Godlovitch (1998, p. 17) reflete sobre isso: To perform is to intentionally generate and to regulate the generation of some sound sequence. Such regulatory intentions shape the sound by making certain effects happen. They also comprise a normative template which informs the player how well the performance is going and how it went. Without such templates, no performance ranking is possible. Individuals commonly rank their own performances, not necessarily by audience response, but by conformity to their own ideals.

Entretanto, não se deve cair no equívoco de imaginar que toda e qualquer performance realizada por um músico clássico seja um ato “neutro”, como se o

artista simplesmente “colocasse em som”, de forma fiel e exata, tudo aquilo que

aparece representado nas partituras. Os processos de interpretação musical são

muito mais complexos do que a ideia de uma mera “transposição” de uma

linguagem escrita para uma linguagem sonora faz crer. As partituras são percebidas pelos músicos, na verdade, como uma espécie de guia para a

performance musical – um guia que pode ser bastante preciso, mas que

dificilmente informa todas as decisões a serem tomadas. Sobre isso, Godlovitch

(1998, p. 82) comenta: Music-making is not a form of truth-seeking or hypothesis testing. Better yet to conceive notated works as being frameworks, like story lines, scenarios, or scripts awaiting completion through collaboration by

7

players and the receptive approval of the musical community and its audiences.
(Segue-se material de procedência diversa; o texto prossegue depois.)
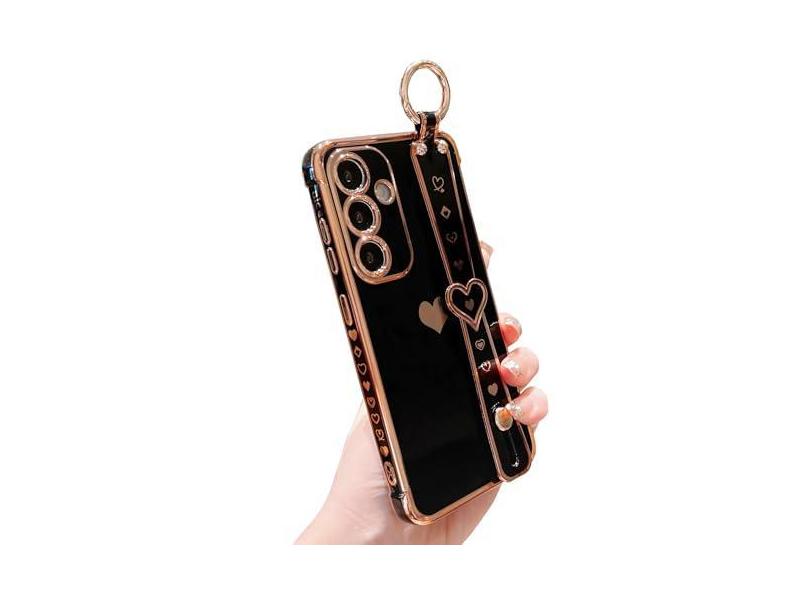 DEFBSC Capa compatível com Samsung Galaxy S24 Plus, capa de coração de amor com borda galvanizada com alça de pulso, proteção total da câmera cantos reforçados à prova de choque, capa de TPU macia à

As such, notated works are neither like types nor archetypes, but more closely resemble templates, sketches, outlines, or guides which, when consulted within the bounds of conventional approval, hold promise for workable and working music. If music is that which is made, works are that which is musically workable.

Todavia, tocar uma música respeitando estritamente o que a partitura

comunica faz com que a execução sonora corra sérios riscos de soar mecânica

e sem vida, e é nesse ponto que entra a individualidade do intérprete: o músico

deve ser capaz de acrescentar algo de si à interpretação da obra, tocando a música conforme ele mesmo imagina que ela deva soar. Faz parte do papel do

intérprete conceber a interpretação e a execução de uma obra de um modo

particular e exclusivo, pois é isso que se espera dele.

O intérprete que se enxerga e se coloca como um mediador “imparcial”

entre as ideias do compositor e a percepção do público está, na verdade e em grande medida, anulando-se enquanto um intérprete (no sentido forte desse

termo), pois seu trabalho, nesses casos, corre o risco de se tornar supérfluo, já

que ele não estaria investindo em sua criatividade e autonomia artísticas. No

fundo, acreditar que uma neutralidade desse tipo é possível equivale a crer

numa ilusão, pois a simples noção de “mediação” ou “decodificação” de uma

partitura, por mais neutra ou imparcial que pareça, já representa, em si, uma

espécie de transformação de uma coisa em outra (de texto em som), e esse

processo é sempre um ato único de cada artista. Refletindo sobre essas

questões, Said escreve: [...] o que você tem de ser capaz de fazer é [...] viver a peça tal como ela é, ao mesmo tempo que está, na verdade, apresentando-a como sua. E a pergunta é: qual o grau de distorção permitido e qual o grau de liberdade que se tem? Acho que, de certa forma, é sempre uma questão de fidelidade. Como executante de algo novo ou de algo alheio, você tem um certo senso de lealdade e fidelidade àquela obra, mas também precisa ter o senso de fidelidade a si mesmo, como intérprete. Em outras palavras, esse é o seu jeito particular de fazer música, e você quer convencer os outros de que é o jeito correto. (BARENBOIM & SAID, 2003, p. 69)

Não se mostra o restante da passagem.